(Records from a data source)
#####

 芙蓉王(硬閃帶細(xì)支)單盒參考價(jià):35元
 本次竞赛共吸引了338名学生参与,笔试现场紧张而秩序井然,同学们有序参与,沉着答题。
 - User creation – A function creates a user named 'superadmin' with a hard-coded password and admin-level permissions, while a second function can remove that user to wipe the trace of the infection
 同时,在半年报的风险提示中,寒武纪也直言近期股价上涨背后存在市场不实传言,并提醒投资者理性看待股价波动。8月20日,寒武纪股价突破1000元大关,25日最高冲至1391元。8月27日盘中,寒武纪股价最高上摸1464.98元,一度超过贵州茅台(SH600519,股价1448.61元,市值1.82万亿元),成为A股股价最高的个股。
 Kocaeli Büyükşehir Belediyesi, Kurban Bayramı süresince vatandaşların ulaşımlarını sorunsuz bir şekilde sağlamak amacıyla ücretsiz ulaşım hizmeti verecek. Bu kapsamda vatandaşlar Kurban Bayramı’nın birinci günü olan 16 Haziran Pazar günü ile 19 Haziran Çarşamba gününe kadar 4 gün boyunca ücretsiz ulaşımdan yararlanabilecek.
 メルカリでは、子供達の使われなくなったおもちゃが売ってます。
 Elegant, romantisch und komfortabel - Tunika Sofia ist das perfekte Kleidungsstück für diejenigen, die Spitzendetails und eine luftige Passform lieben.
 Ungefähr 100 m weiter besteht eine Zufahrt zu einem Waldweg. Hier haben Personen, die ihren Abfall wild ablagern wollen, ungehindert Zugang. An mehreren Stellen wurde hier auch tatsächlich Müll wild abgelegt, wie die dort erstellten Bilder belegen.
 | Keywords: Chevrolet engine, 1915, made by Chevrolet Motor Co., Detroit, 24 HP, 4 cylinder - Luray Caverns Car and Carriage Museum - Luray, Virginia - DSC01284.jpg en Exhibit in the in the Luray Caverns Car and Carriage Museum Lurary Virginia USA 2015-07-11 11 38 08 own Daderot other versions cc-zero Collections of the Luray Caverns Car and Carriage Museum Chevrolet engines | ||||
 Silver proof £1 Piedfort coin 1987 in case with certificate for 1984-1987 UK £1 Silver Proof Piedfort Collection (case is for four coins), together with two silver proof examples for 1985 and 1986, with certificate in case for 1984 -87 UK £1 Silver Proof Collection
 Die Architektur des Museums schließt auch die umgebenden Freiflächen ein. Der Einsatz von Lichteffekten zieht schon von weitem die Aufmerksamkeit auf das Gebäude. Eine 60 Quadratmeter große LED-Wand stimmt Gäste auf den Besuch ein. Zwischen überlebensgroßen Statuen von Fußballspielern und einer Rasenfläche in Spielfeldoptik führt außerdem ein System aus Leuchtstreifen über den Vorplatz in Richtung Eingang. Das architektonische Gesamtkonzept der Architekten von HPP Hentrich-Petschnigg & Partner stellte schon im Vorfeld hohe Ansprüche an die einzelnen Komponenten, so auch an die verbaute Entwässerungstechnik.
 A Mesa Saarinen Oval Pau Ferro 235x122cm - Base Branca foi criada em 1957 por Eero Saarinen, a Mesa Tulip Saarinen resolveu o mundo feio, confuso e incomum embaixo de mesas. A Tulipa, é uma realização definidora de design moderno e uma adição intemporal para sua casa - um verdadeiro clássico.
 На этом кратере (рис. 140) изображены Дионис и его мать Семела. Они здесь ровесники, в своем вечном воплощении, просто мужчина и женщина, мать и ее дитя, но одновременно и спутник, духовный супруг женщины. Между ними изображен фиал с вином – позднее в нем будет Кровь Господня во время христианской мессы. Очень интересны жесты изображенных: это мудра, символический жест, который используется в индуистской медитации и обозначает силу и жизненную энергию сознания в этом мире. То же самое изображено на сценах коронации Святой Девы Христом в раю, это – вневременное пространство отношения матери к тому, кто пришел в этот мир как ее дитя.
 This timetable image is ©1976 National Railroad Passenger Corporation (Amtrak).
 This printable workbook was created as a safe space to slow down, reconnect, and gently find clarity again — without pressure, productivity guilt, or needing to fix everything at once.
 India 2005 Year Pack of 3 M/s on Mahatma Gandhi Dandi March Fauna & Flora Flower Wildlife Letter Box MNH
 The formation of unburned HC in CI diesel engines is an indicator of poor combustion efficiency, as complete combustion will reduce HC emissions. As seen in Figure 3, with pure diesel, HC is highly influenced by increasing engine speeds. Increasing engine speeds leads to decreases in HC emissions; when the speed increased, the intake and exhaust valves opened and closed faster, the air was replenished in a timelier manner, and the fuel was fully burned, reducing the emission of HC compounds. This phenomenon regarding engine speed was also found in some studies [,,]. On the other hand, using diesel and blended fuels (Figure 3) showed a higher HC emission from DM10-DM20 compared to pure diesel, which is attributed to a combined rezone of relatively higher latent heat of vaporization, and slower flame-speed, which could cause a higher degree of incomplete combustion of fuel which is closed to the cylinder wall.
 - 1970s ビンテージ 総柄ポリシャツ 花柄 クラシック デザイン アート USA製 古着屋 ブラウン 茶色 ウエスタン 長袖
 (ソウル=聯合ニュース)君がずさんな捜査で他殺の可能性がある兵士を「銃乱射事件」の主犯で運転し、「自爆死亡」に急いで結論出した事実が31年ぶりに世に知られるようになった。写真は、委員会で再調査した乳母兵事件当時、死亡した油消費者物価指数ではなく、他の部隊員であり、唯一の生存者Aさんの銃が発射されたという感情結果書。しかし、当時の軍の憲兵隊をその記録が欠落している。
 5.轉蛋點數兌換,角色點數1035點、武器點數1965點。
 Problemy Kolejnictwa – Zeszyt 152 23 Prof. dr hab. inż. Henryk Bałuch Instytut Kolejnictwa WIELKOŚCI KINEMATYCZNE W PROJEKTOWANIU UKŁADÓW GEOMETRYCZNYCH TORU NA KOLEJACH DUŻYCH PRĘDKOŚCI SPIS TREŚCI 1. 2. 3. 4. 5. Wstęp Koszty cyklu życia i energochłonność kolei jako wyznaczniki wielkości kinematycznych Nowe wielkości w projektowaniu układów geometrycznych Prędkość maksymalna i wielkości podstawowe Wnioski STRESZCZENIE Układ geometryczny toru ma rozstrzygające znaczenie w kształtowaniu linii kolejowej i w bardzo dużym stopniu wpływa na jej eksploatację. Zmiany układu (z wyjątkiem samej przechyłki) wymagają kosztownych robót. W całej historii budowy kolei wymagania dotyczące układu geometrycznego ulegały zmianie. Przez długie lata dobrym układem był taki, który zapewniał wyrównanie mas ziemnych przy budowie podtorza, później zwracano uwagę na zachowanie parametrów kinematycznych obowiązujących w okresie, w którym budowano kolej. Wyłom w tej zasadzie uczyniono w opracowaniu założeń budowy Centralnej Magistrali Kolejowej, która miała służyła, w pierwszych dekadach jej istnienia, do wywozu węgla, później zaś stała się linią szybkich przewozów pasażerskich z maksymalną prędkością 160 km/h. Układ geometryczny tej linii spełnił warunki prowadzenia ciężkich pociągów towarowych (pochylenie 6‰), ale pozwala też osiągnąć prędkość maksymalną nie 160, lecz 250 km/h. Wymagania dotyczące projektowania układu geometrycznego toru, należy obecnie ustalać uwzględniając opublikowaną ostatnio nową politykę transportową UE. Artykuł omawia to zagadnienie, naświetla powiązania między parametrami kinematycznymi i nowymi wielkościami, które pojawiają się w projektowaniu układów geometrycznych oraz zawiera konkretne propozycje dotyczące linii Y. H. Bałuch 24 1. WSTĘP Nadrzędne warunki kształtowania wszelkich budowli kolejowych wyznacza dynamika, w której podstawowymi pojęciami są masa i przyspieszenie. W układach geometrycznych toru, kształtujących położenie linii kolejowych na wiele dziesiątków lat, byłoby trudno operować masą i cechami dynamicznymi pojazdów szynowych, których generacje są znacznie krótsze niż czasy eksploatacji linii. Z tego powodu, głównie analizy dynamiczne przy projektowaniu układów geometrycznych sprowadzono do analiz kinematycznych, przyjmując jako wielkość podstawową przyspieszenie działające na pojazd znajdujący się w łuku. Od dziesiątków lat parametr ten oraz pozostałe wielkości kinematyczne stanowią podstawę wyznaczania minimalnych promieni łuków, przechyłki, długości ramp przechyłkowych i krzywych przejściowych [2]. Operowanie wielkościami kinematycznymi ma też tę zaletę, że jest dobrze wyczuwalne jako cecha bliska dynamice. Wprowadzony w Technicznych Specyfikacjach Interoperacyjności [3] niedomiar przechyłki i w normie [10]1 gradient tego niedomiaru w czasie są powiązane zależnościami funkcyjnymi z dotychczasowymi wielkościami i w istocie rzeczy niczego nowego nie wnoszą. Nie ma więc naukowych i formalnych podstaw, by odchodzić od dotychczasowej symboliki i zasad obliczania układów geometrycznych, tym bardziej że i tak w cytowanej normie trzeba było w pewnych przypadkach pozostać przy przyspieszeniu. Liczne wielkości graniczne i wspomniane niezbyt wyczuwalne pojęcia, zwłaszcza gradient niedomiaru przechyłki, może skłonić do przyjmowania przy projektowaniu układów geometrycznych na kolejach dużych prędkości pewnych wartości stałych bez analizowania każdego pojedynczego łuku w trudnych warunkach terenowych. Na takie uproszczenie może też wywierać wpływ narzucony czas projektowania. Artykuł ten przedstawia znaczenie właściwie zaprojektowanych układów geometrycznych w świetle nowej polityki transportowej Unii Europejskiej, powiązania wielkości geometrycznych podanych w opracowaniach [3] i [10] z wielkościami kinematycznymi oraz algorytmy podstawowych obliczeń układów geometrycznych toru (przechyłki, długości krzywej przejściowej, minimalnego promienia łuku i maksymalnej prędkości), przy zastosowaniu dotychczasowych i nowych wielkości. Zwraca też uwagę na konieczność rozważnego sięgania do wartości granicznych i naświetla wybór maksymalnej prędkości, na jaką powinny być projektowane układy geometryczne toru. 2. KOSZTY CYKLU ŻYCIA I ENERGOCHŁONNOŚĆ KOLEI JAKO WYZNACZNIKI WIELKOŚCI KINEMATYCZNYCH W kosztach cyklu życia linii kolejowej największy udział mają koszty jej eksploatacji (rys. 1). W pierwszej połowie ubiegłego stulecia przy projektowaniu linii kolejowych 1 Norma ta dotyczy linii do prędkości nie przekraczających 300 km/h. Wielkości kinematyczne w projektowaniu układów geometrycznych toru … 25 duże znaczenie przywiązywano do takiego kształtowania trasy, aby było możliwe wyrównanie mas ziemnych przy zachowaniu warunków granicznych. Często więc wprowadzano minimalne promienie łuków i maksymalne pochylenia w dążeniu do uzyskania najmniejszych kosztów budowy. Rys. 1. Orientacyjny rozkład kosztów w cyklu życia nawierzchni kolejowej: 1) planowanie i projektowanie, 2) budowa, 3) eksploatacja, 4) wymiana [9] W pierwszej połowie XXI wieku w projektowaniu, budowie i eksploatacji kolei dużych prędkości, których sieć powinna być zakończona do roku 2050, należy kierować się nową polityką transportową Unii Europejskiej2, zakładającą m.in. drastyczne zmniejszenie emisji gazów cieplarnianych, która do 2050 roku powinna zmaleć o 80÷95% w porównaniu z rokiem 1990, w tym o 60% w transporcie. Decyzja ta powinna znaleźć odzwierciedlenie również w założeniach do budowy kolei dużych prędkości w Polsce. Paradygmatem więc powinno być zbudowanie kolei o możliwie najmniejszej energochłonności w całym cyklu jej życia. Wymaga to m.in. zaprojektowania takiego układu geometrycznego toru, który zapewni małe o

#####

■ Requirement ■
Your reply is to repeat, unchanged, the lines above running from the one with "This timetable image" up to and including the one with "5.轉蛋點數兌換,角色點數1035點、武器點數1965點。".

■ Result of the task ■
 This timetable image is ©1976 National Railroad Passenger Corporation (Amtrak).
 This printable workbook was created as a safe space to slow down, reconnect, and gently find clarity again — without pressure, productivity guilt, or needing to fix everything at once.
 India 2005 Year Pack of 3 M/s on Mahatma Gandhi Dandi March Fauna & Flora Flower Wildlife Letter Box MNH
 The formation of unburned HC in CI diesel engines is an indicator of poor combustion efficiency, as complete combustion will reduce HC emissions. As seen in Figure 3, with pure diesel, HC is highly influenced by increasing engine speeds. Increasing engine speeds leads to decreases in HC emissions; when the speed increased, the intake and exhaust valves opened and closed faster, the air was replenished in a timelier manner, and the fuel was fully burned, reducing the emission of HC compounds. This phenomenon regarding engine speed was also found in some studies [,,]. On the other hand, using diesel and blended fuels (Figure 3) showed a higher HC emission from DM10-DM20 compared to pure diesel, which is attributed to a combined rezone of relatively higher latent heat of vaporization, and slower flame-speed, which could cause a higher degree of incomplete combustion of fuel which is closed to the cylinder wall.
 - 1970s ビンテージ 総柄ポリシャツ 花柄 クラシック デザイン アート USA製 古着屋 ブラウン 茶色 ウエスタン 長袖
 (ソウル=聯合ニュース)君がずさんな捜査で他殺の可能性がある兵士を「銃乱射事件」の主犯で運転し、「自爆死亡」に急いで結論出した事実が31年ぶりに世に知られるようになった。写真は、委員会で再調査した乳母兵事件当時、死亡した油消費者物価指数ではなく、他の部隊員であり、唯一の生存者Aさんの銃が発射されたという感情結果書。しかし、当時の軍の憲兵隊をその記録が欠落している。
 5.轉蛋點數兌換,角色點數1035點、武器點數1965點。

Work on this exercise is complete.